Running.
Well, he was free and over twenty-one. Running was fine, if that was what he chose to do.
Strange. Despite all that was enhanced about her physical appearance, inside, where it counted, Matty was the real deal. She cared.
He smiled. “Hey, who knows? We’ll see.”
“Look. Isn’t that the girl from the house?” Zach asked suddenly, and indicated the bandstand with his beer bottle.
Aidan glanced toward the stage. The bass player was announcing an original number; the guitarist—dressed in boots and a sweeping black cape à la every hot movie vampire—was leaning down, accepting a drink from Kendall Montgomery.
Aidan had just begun to settle down, maybe due to Matty’s warm welcome. Now every muscle in his body clenched all over again. With all the bars and the music available along the length of Bourbon Street, why had Kendall Montgomery ended up here tonight, too?
The guitarist grinned, accepting the plastic cup of whatever, then took a long swig and handed it back. Before he got ready to play again, he nudged the drummer, who looked at Kendall, and offered her a grin and a salute.
After that, she returned to the table where she’d apparently been sitting. She was with a tall, well-built bald man with thick black brows, who lifted his own beer bottle toward the stage, as if toasting to their success.
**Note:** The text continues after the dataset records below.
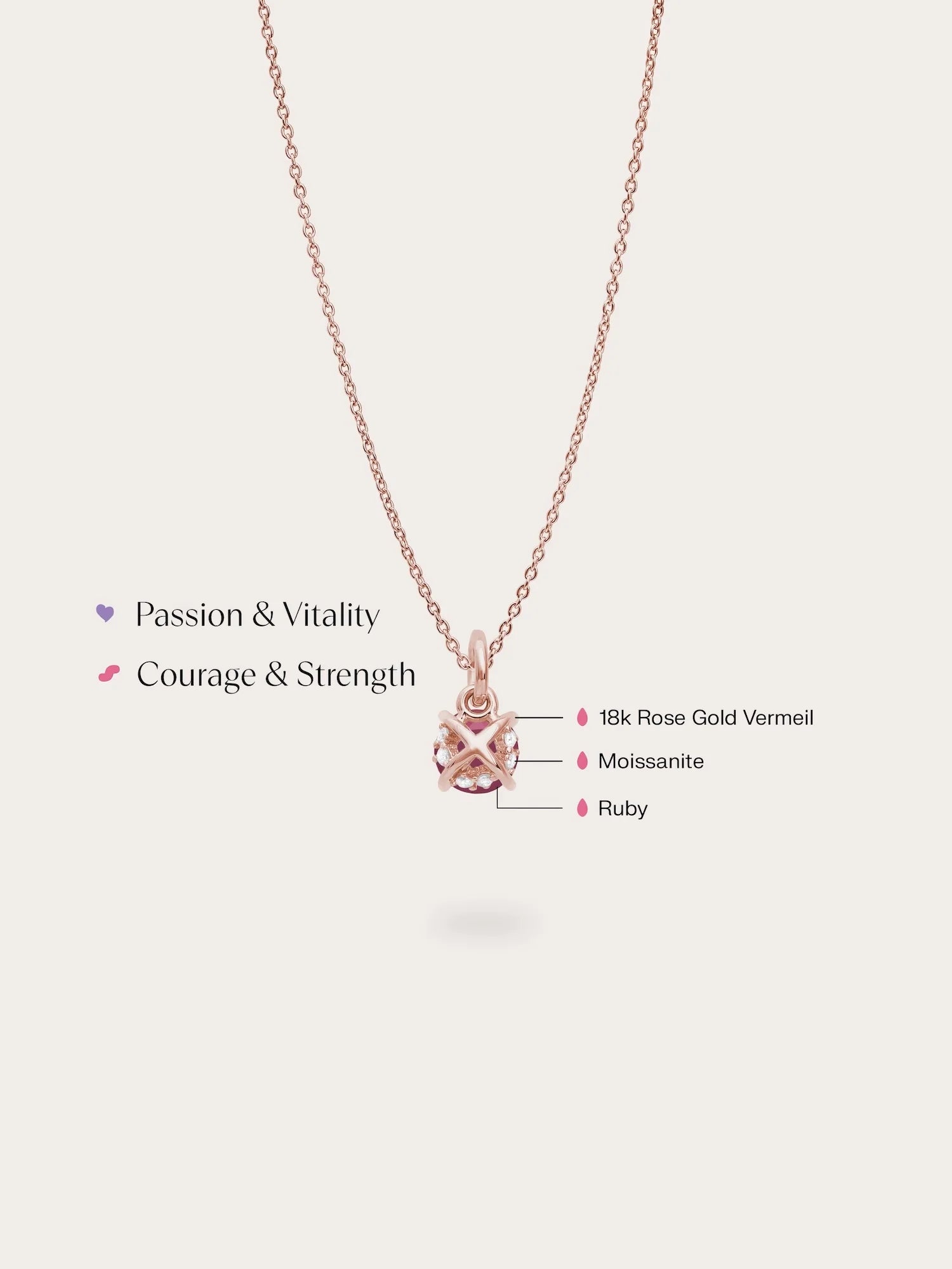 Adding a modern twist, the pendant features a hidden "X" design on the back. Accent moissanite stones are delicately set to peek out from beneath the focal stone. These embellishments create a dazzling profile, adding depth and brilliance to this meaningful piece. Handcrafted in 18k rose gold vermeil.
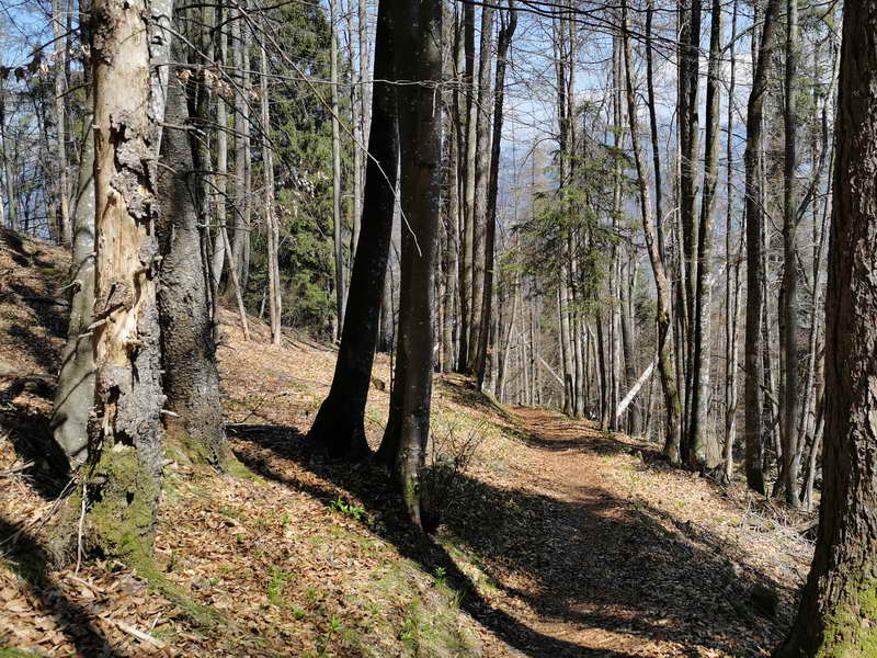 Die nächsten 150 Höhenmeter fahren wir auf dem bekannten Wanderweg (im Winter Rodelbahn) durch den Wald dem Brünnstein entgegen. Dort, wo wir den Wald verlassen, entdecken wir über uns die Gebäude der Rechenau, auf die wir auch zufahren. Zwischen den Gebäuden halten wir uns rechts (also genau nach Norden) und gelangen nach einem halben Kilometer zu dem Weiler Wildgrub. Nach der Kapelle biegen wir rechts ab. Nun können wir den richtigen Weg kaum mehr verfehlen. Bei der nächsten Verzweigung auf 950 m halten wir uns rechts und plagen uns die nächsten 500 Meter bis zu einer Linkskehre auf, der breite Forstweg wendet sich hier nach Norden Richtung Gipfel. Auf 1170 m biegt der Weg scharf rechts ab - die Wegbeschaffenheit wieder nun steiniger, aber flacher. Das Bike muss die nächste Viertelstunde entlang eines Wanderpfades durch den Wald immer wieder getragen werden. Am Ende der Tragestrecke kann man das Bike etwas verdeckt absperren und zu Fuß dem kurzen Wanderpfad Richtung Gipfel Schwarzenberg folgen. Hierzu müssen wir gut aufpassen, um nicht den Steig nach rechts zu verpassen. Dieser ist nur durch einen blauen Farbklecks auf einem Stein markiert, wenige Meter danach gibt es nochmals eine kleine Markierung. Spätestens hier Bikedepot. Auf dem weichen Waldweg erreichen wir nach wenigen Minuten den Gipfel. Dieser ist stark bewachsen, nur zum Brünnstein und Traithen ist eine einigermaßen freie Aussicht möglich.
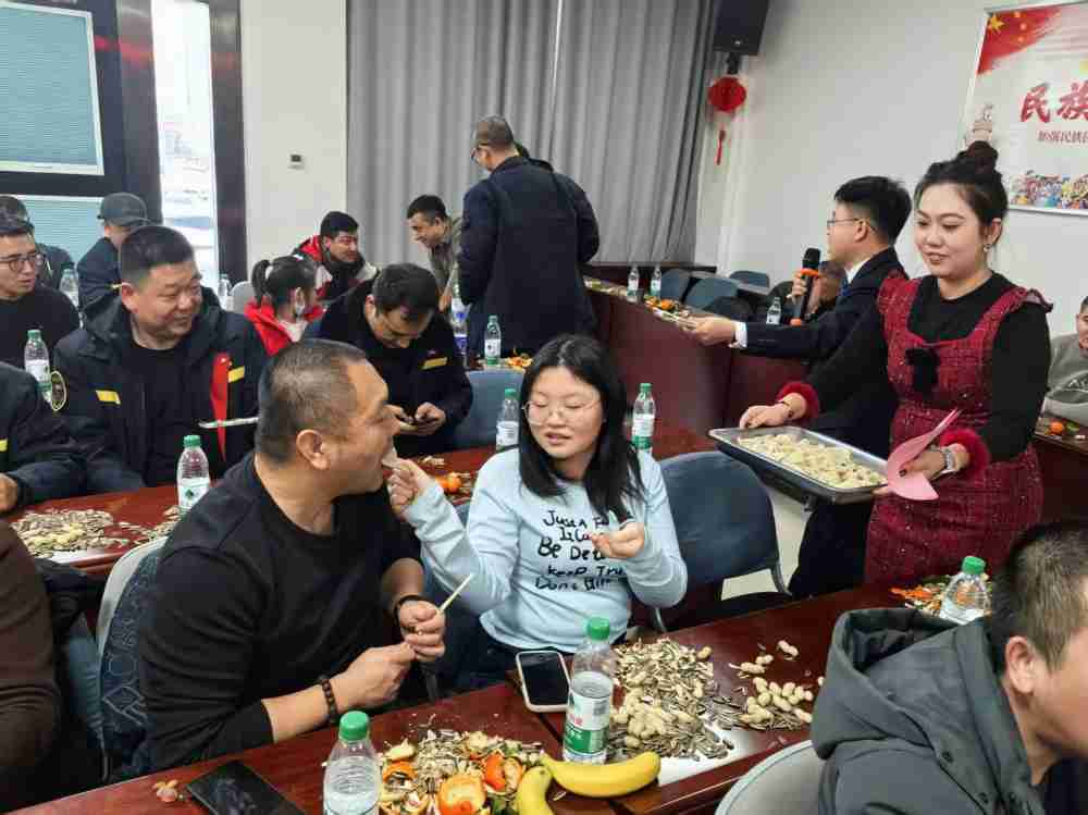 在“民族团结包饺子”互动游戏中,各族职工分工协作、默契配合,擀皮、包馅一气呵成。陈妍君笑着说:“和维吾尔族、哈萨克族的同事们一起包饺子,看着不同民族的手法包出的饺子,就像我们的大家庭一样,各有特色又紧紧相依。”帕丽丹·克依木也感慨道:“平时大家在岗位上并肩作战,今天在餐桌上一起团圆,这种温暖让我觉得特别融洽。”
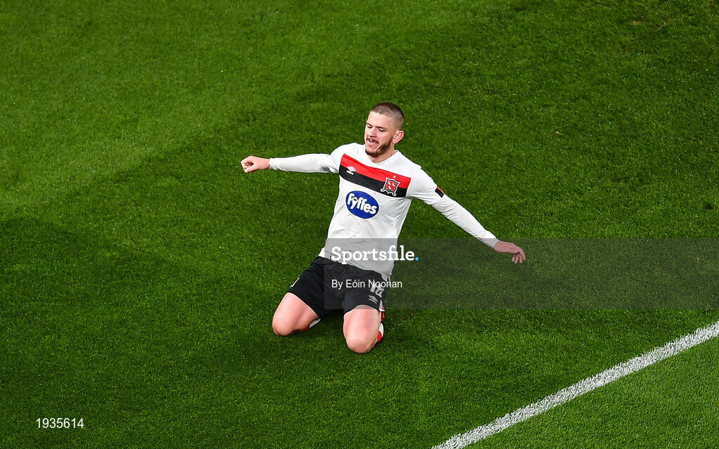 1 October 2020; Sean Murray of Dundalk celebrates after scoring his side's first goal during the UEFA Europa League Play-off match between Dundalk and Ki Klaksvik at the Aviva Stadium in Dublin. Photo by Eóin Noonan/Sportsfile
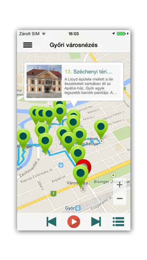 Nem csak a látnivalókat mutatja be az alkalmazás, de a látnivalókat végigjáró túrát is jól leírja, térkép-, utcakép támogatással, sok fotóval, szöveges háttér információkkal és néhány túra esetén hangos idegenvezetéssel. A túra kezdő pontjához útvonalterv készítése is egy kattintással indítható.
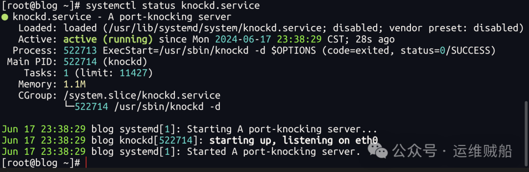 # 启动并查看knockd的运行状态
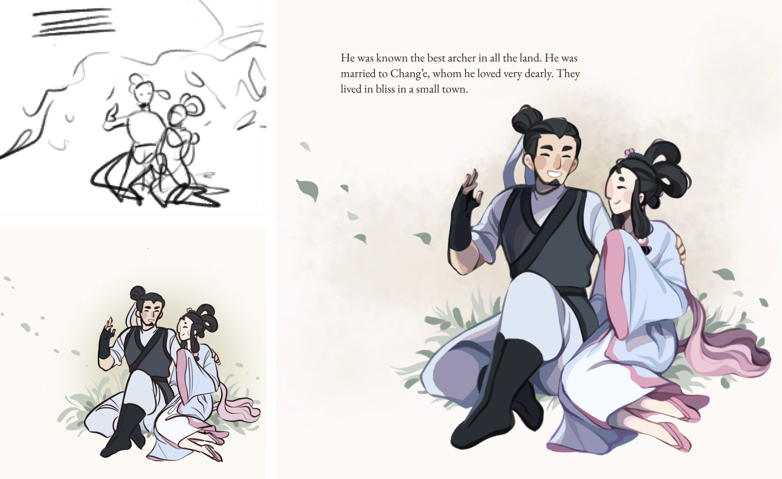 My identity as a first generation Chinese immigrant and artist has shaped every aspect of my life. I wanted to illustrate a story that lets me honor and share my roots with a younger audience.I chose to create a children's storybook version of Chang’e, which is a famous old Chinese folktale. It revolves around Chang’e, who became immortal through her love and now resides on the moon.
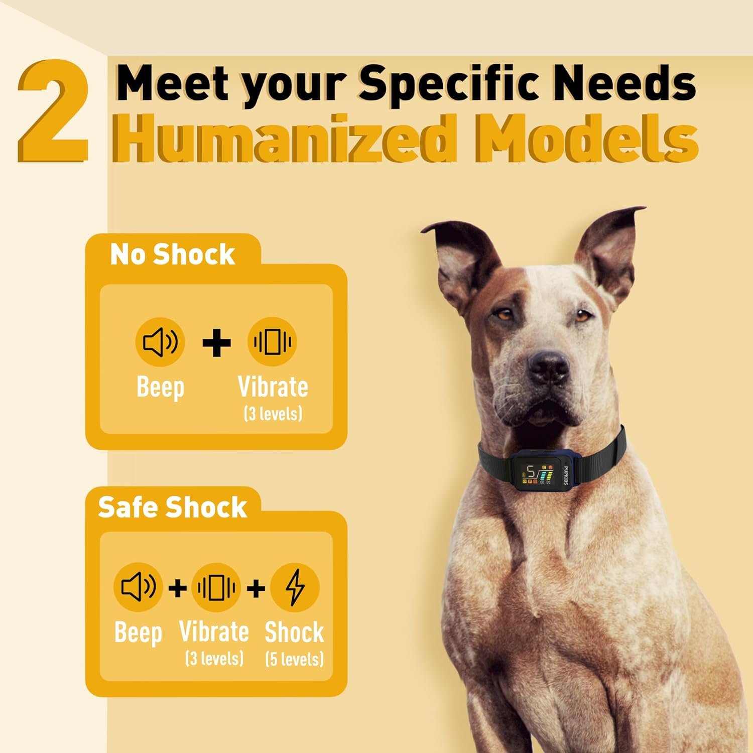 PUPKIDS 2024 AI Dog Bark Collar for Small Medium Large Dogs – 2 in1 No Shock & Safe Shock Barking Collar with 5 Sensitivities – IPX7 Waterproof Rechargeable Anti Bark Device(10-120 lbs)
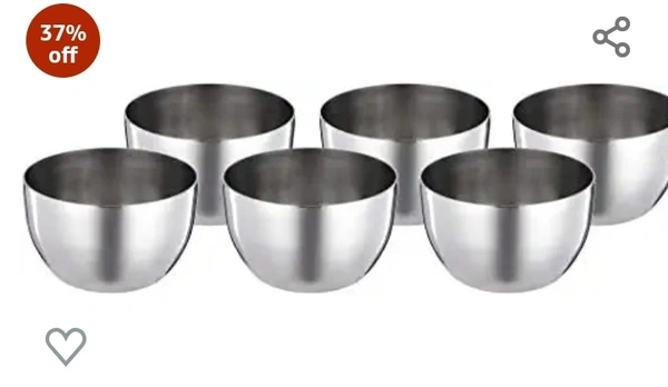 Amazon Brand - Solimo Sparkle Stainless Steel Bowl/Wati Set (6 pieces, 8cm dia), Silver

“What a pretty woman,” Matty announced, making Aidan like her all the more. She wasn’t the type who was always putting other women down.
“She’s got beautiful hair,” Zachary noted.
“Are you sure you’re only looking at her hair?” Jeremy asked lightly.
“I might be looking at the whole package,” Zachary replied, grinning at Matty. “She really is stunning—right? One beauty assessing another, of course.”
Matty laughed. “The compliment is both charming and appreciated. And, yes, that young woman is absolutely stunning. You know her?”
“We met her today. At the house,” Jeremy explained.
Aidan found himself studying Kendall more closely. She was indisputably stunning, but had her dignity and pride earlier today been for real? Or had she been a leech, using Amelia Flynn until the very end?
Truthfully, he didn’t think so. He had learned to read people fairly well over the years. He usually knew if someone was lying. There were little physical tics and twitches he’d learned to pick up on when someone was telling an outright lie or even coloring the truth. Lashes fluttered too quickly; pulses raced. People had a hard time looking you right in the eye when they were lying. Some liars were better than others, of course, and had learned to stare back—they were the seasoned liars. But even then…palms grew a little sweatier, and the veins in the throat were a giveaway. On top of that, just taking into consideration the way she dressed and the car she drove, she looked as if she were doing all right, but she wasn’t clad as if she was rolling in money. There were no diamonds dripping from her fingers, for instance. She just didn’t look as if she’d been milking Amelia to increase her own income.
She had only veered away from his direct approach once, and that had been regarding Amelia and the things she claimed went on at night. Even then, her anger with them—no, with him—over any implied insult to Amelia had been real.
She did have beautiful hair, he realized now, examining her more closely. It was long and rich and luxurious, a color like fire, even in the muted light of the bar. Her features were perfect: clear, large eyes, well-set; sculpted jawline; high cheekbones; perfectly formed, generous mouth; straight nose, not small, not large, just right for her face. She was like a poster child for symmetry. But the fact that she truly was stunning had even more to do with her demeanor than with her looks. She was tall, and she carried herself well. Elegantly. She moved gracefully, easily, her shoulders straight. She was the type of woman who could not only draw every eye in a room but keep it.
It interested him that he could make such observations so clinically—then he wondered if he was really so clinical after all. She seemed to be a large factor in his tension. Well, they could try all they wanted to be contemporary males, but nature didn’t change. The woman was perfectly built, and it was just about impossible not to look at her and think that she would be great to touch—hell, that she would be great in bed.